As an archaeologist I can confirm that there were men in the Stone Age, even though we say cavewomen. Women did all the artwork though.— (((Kim Biddulph))) (@kimbiddulph) September 2, 2017
I mean, of course there were men during the Stone Age. Can't they just accept that we call the people of the time cavewomen, though? That's the way it's always been.
Btw Daniel,— Alice Evans (@_alice_evans) September 2, 2017
Even if you do research men's historical contributions,
Only men will read your work.
Zero mainstream interest.
Too niche. pic.twitter.com/X4lCFhYdgc
Men's history is just too specialized for the general public to care about.
The focus on princes creates unrealistic expectations in boys. A princess isn't going rescue you! You need to learn to shift for yourself.— Shaula Evans (@ShaulaEvans) September 2, 2017
This one, by the way, popped up during a discussion of Queen Victoria and that guy she was married to. Alan? Alphonse?

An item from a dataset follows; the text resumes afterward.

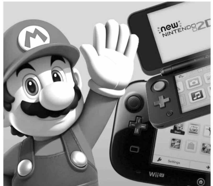
El 4 de abril a las 4:00 PM (hora del Pacífico) los servicios online detrás de casi todo el software de Nintendo Wii U y 3DS cerrarán.

Albert, as in the V&A. The story of his introduction of the Christmas tree helps boys see what they can contribute through their family role— Avril (@DocAvvers) September 2, 2017
Albert! That’s the one. Thank you for the reminder.
Boys In The Workplace
I half wonder whether men should be allowed in labs. Could be a distraction to hard working women. They at least need to dress appropriately— Lucy Sherriff (@sherrifflucy) September 2, 2017
I mean, how is it that it’s 2017 and we’re still dealing with this stuff? It’s bananas, right?I can't even. Even ManWhoHasItAll and their teacher friend ultimately had to throw in the towel:
Thanks all, but she has decided not to add a male historical figure to her list just for the sake of it. History should be gender-neutral. https://t.co/eXVQrSQRj1— manwhohasitall (@manwhohasitall) September 3, 2017
On a more serious note, though: How is that it’s 2017 and we’re still dealing with this stuff? For real. I mean, it sounds ridiculous when you frame it in terms of men — but this is how our culture still regularly talks about women (and, y’know, everyone who’s not a white, straight, cis, wealthy, able-bodied man). What’s more, the fact that we’re only able to identify how problematic it is when we flip the script is an issue in and of itself. No matter what some folks might think, sexism isn’t over; it’s still alive and very, disappointingly well.
And so, even though we really shouldn’t have to, we keep having to call out problems when we see them. But as ManWhoHasItAll points out, there’s no reason we can’t have a laugh while we’re doing so. Good comedy always makes a point — and this is very good point to be making, indeed.